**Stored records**
···

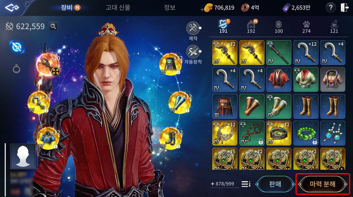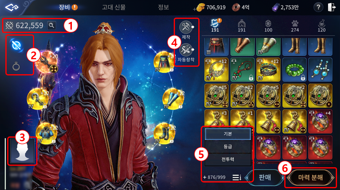 장비 - 화면 우측 상단의 장비 아이콘을 터치하거나 메뉴의 캐릭터 > 장비 탭을 터치하여 장비 창으로 이동할 수 있습니다. ① 장비 창에서 캐릭터의 전투력과 프로필, 장착된 장비, 가방을 확인할 수 있습니다. - 돋보기(🔍︎) 버튼을 클릭하면 캐릭터의 상세 능력치를 확인할 수 있습니다. ② 캐릭터가 장착 중인 장비를 확인할 수 있습니다. - 첫 번째 페이지에서는 무기, 보조무기, 방어구 4종의 장착 정보를 확인할 수 있습니다. - 두 번째 페이지에서는 장신구 6종의 장착 정보를 확인할 수 있습니다. ③ 화면 좌측 프로필 사진을 터치 후 사진 추가 버튼을 이용하여 캐릭터의 프로필 사진을 변경할 수 있습니다. ④ 화면 중앙의 버튼을 통해 제작공방으로 이동하거나 전투력이 가장 높은 장비를 자동으로 장착할 수 있습니다. ⑤ 화면 중앙 하단에서 가방의 공간을 확장하거나 아이템 목록의 정렬 기준을 변경할 수 있습니다. ⑥ 화면 우측 버튼을 통해 사용하지 않는 아이템을 판매하거나 마력 분해를 진행할 수 있습니다. ⑧ 아이템을 터치한 후 아이템 정보 창에서 획득 경로와 거래/판매 가능 여부를 확인할 수 있습니다. ⑨ 거래가 가능한 아이템은 거래소 버튼을 터치해 해당 아이템의 매물을 확인할 수 있습니다. ⑩ 판매 버튼을 터치하여 설정한 필터에 맞는 아이템을 자동 선택할 수 있습니다. ⑪ 아이템 다중 판매 시 한 번에 최대 24개까지 선택 가능합니다. 정보 캐릭터 > 장비 창에서 상단 정보 탭을 터치하여 정보 창으로 이동할 수 있습니다. ① 캐릭터의 전투력을 확인할 수 있으며, 돋보기(🔍︎) 버튼을 통해 세부 내용을 확인할 수 있습니다. ② 캐릭터 기본 호칭/전투력/성향 등급/문파/스킬/정령/수련/랭킹 정보를 확인할 수 있습니다. ③ 제작 버튼을 통해 제작공방으로 이동할 수 있습니다. 호칭 시스템 - 비표시 상태/관직표시상태/호칭표시 상태 총 3가지로 나눌 수 있습니다. - 호칭 : 호패를 사용하여 7일간 원하는 호칭을 표시할 수 있습니다. 호칭 변경 시 사용 중인 호칭은 사라지며, 호칭 사용 기간은 7일로 초기화됩니다. - 관직 : 국왕에게 관직을 하사받은 경우 호칭을 대신하여 사용할 수 있습니다. 관직을 보유중인 경우에는 호칭을 숨길 수 없습니다. 마석 메뉴의 캐릭터 - 마석 탭을 터치하거나, 장비 창에서 좌측 상단 마석 탭을 터치하여 마석 창으로 이동할 수 있습니다. ① 좌측의 장착정보를 통해 마석으로 적용된 능력치의 정보를 확인할 수 있습니다. ② 보유중인 마석을 장착하거나 해제할 수 있습니다. ③ 마석 합성 버튼을 터치하여 제작공방 > 합성으로 이동할 수 있습니다. 홍예석 홍예석은 기존의 동급 마석보다 능력치 수치가 1.5배 높은 마석으로, 메뉴의 캐릭터 - 마석 탭을 통해 이동할 수 있습니다. ① 고정된 옵션은 없으며, 랜덤 옵션이 최대 6개까지 적용됩니다. ② 마석 팔레트 중앙에 홍예석 전용 슬롯이 존재하며, 3개의 홍예석을 장착할 수 있습니다. ⓐ 동일한 등급의 홍예석 총 4개를 사용하여 합성을 진행할 수 있습니다. ⓑ 초월은 전설 등급 이상 동일 등급의 홍예석과 흑철, 동전을 소모하여 진행할 수 있습니다. (※ 초월은 최대 5단계까지 가능하며, 1초월 시도 시부터 실패 확률이 적용됩니다.) ③ 홍예석 전용 슬롯은 위업 → 무혼의 탑 12단계 달성 시 오픈됩니다. 의상 - 메뉴의 캐릭터 - 의상 탭을 터치하여 의상 창으로 이동할 수 있습니다. ② 의상 장비를 터치해 의상을 미리보기할 수 있습니다. ③ 의상 장비 목록 하단의 화살표 버튼을 터치해 미리보기를 초기화할 수 있습니다. ④ 구매한 장비를 터치해 의상 장비를 염색하거나 착용, 해제할 수 있습니다. ⑥ 화면 좌측에서 착용한 의상 장비를 확인하고 외형을 보이게 하거나 보이지 않게 할 수 있습니다. 탑승 - 메뉴의 캐릭터 - 탑승 탭을 터치하거나, 의상 창에서 좌측 상단 탑승 탭을 터치하여 탑승 창으로 이동할 수 있습니다. ② 탑승물 구매 시 획득 가능한 능력치를 확인할 수 있습니다. ③ 탑승물을 구입하거나 탑승을 설정, 해제할 수 있습니다. (※탑승 설정 시 필드에서 설정된 탑승물을 이용하여 이동하게 됩니다.) 마력 분해 - 장비의 화면 우측 하단에서 [마력 분해] 버튼을 클릭하면 마력 분해 화면으로 이동하실 수 있습니다. ① 화면 우측에서 마력 분해에 사용할 장비를 선택하실 수 있습니다. - 마력 분해는 희귀/영웅 등급의 장비로 이용하실 수 있습니다. ② 화면 좌측에서 등록된 장비와 마력 분해 단계를 확인하실 수 있습니다. - 마력 분해 단계는 고급/희귀/영웅 1~6단계로 구성되어 있습니다. - 등록된 장비의 등급/티어/강화 수치가 높을수록 더욱 높은 단계의 보상을 획득하실 수 있습니다. ③ 마력 분해 시 하단에 출력되는 리스트에서 하나의 아이템을 획득하실 수 있습니다. ※ 마력 분해의 등급별 결과 아이템 확률은 [미르4 마력 분해 확률 정보]를 참고해 주시기 바랍니다. ④ [자동 등록]과 [초기화] 버튼을 통해 장비를 자동으로 등록하거나 등록 리스트를 초기화 할 수 있습니다. - 등록 필터를 통해 [자동 등록] 버튼의 설정을 변경하실 수 있습니다. 웨어러블 - 게임 내 메뉴 > 캐릭터 > 웨어러블 
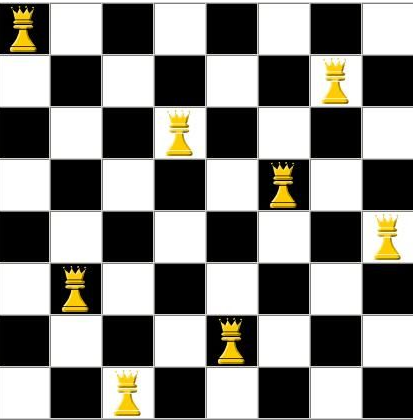 - 限制条件:任意两个皇后都不能处于同一行、同一列或同一斜线上
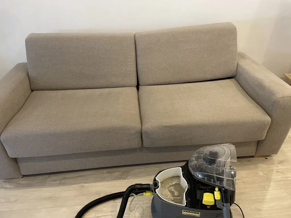 Un servicio de limpieza de sofás a domicilio en Barcelona utiliza maquinaria de inyección-extracción profesional.
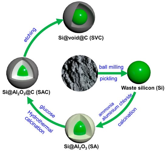 The preparation process of the yolk–shell Si@void@C composite was illustrated as Figure 1. Firstly, a certain amount of AlCl3 was weighted and dissolved into 10 mL of deionized water in a beaker. Then, 10 mL of ammonia and 0.4 g of pretreated Si powder were added into the solution. After magnetic stirring with ultrasonication for 2 h, the mixture was collected by centrifugal drying. The dried mixture was calcined at 700 °C for 2 h with a horizontal tube furnace in an Ar atmosphere. Samples with an AlCl3/Si weight ratio of 2:1, 1:1, and 1:2 were named as SA−21, SA−11, and SA−12, respectively.
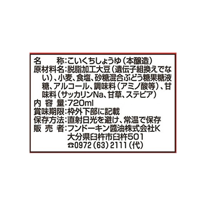 원재료:탈지가공 대두(유전자조 교환이 아니다)고, 밀,식염,설탕 혼합 포도당 과당액당,알코올,조미료(아미노산등)고, 감미료(사카린Na,감풀,스테 비어)
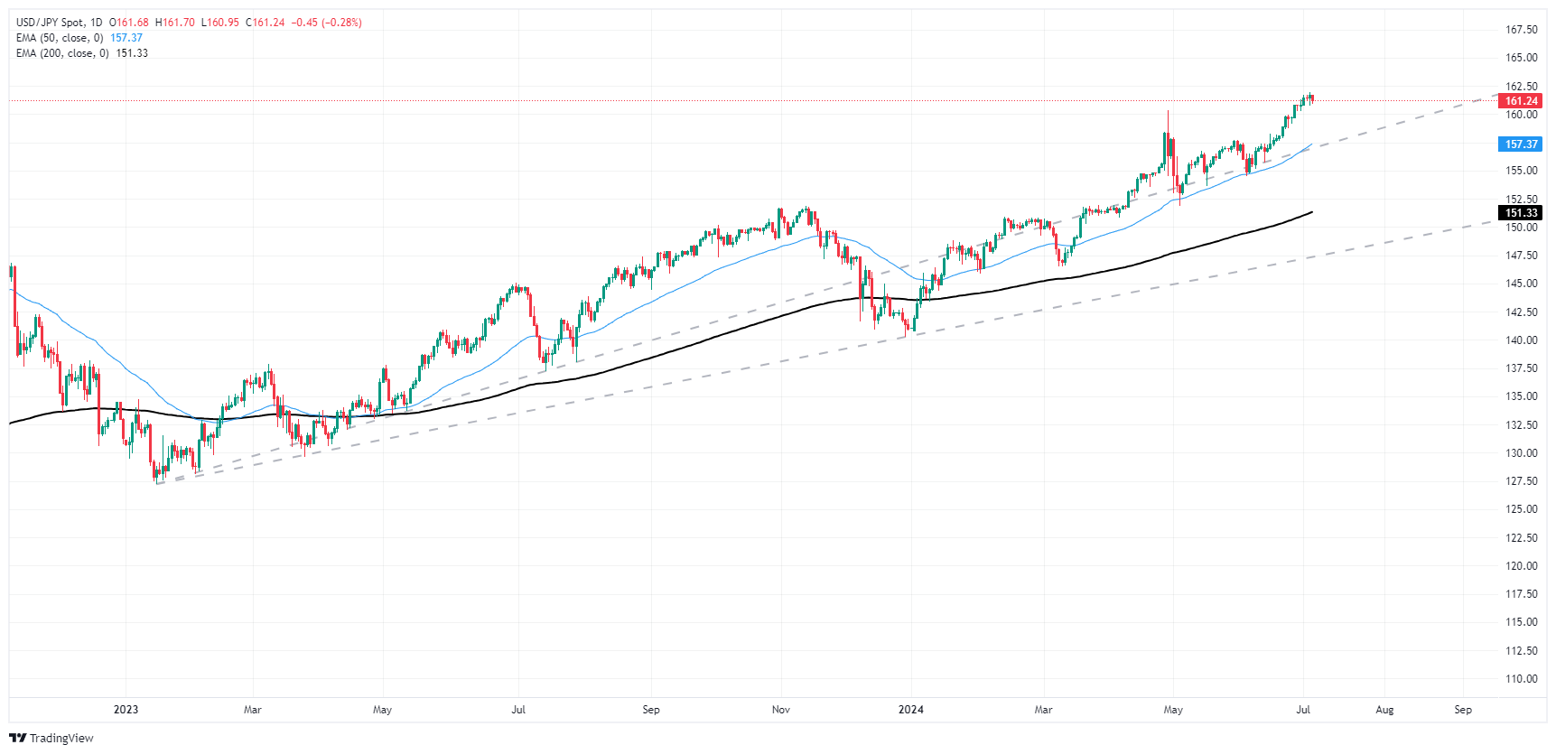 看涨势头已暂停,盘中出价略低于本周早些时候设定的40年峰值。除了162.00把手可能被买家视为目标而非墙外,几乎没有什么技术障碍存在。
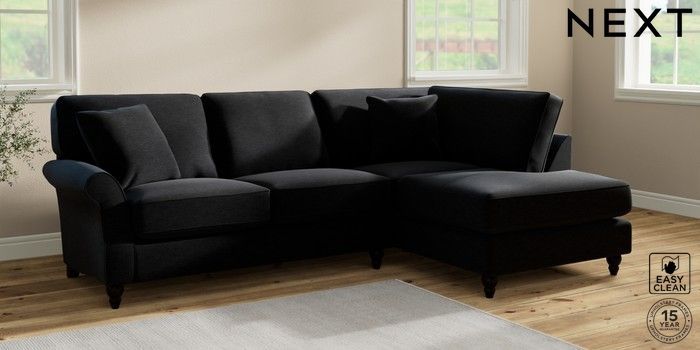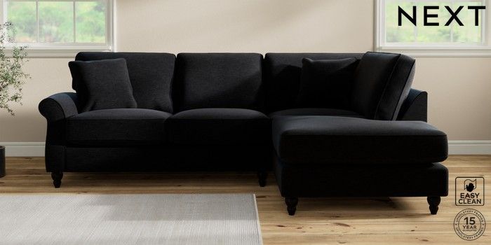 7.2.10 Ashford Relaxed Sit Medium Corner Chaise - Right Hand Fine Chenille Easy Clean Black Low Turned - Dark | Made Click here to use our website with more accessibility support, for example screen readers
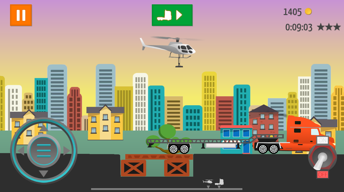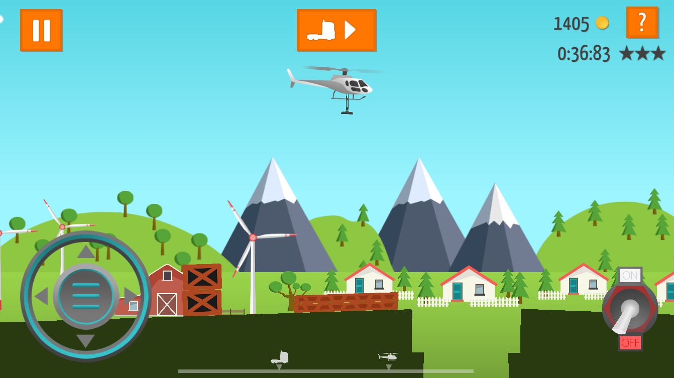 创新的双摇杆操控系统让飞行更精准,左手控制升降与转向,右手调节飞行姿态与视角。独创的道路修复玩法需要玩家在限定时间内完成桥梁搭建,过程中要注意燃油消耗和载重平衡。进阶模式中还加入了突发天气系统,雷暴天气下要特别注意仪表盘数据,真实的陀螺仪模拟会让手机产生震动反馈。

···

**WHAT YOU ARE ASKED TO DO**
Set the pictures aside and retype exactly the lines above from the line with "Un servicio de" to the line with "看涨势头已暂停,盘中出价略低", both included, adding no others.

**SOLUTION FOR THIS TASK**
 Un servicio de limpieza de sofás a domicilio en Barcelona utiliza maquinaria de inyección-extracción profesional.
 The preparation process of the yolk–shell Si@void@C composite was illustrated as Figure 1. Firstly, a certain amount of AlCl3 was weighted and dissolved into 10 mL of deionized water in a beaker. Then, 10 mL of ammonia and 0.4 g of pretreated Si powder were added into the solution. After magnetic stirring with ultrasonication for 2 h, the mixture was collected by centrifugal drying. The dried mixture was calcined at 700 °C for 2 h with a horizontal tube furnace in an Ar atmosphere. Samples with an AlCl3/Si weight ratio of 2:1, 1:1, and 1:2 were named as SA−21, SA−11, and SA−12, respectively.
 원재료:탈지가공 대두(유전자조 교환이 아니다)고, 밀,식염,설탕 혼합 포도당 과당액당,알코올,조미료(아미노산등)고, 감미료(사카린Na,감풀,스테 비어)
 看涨势头已暂停,盘中出价略低于本周早些时候设定的40年峰值。除了162.00把手可能被买家视为目标而非墙外,几乎没有什么技术障碍存在。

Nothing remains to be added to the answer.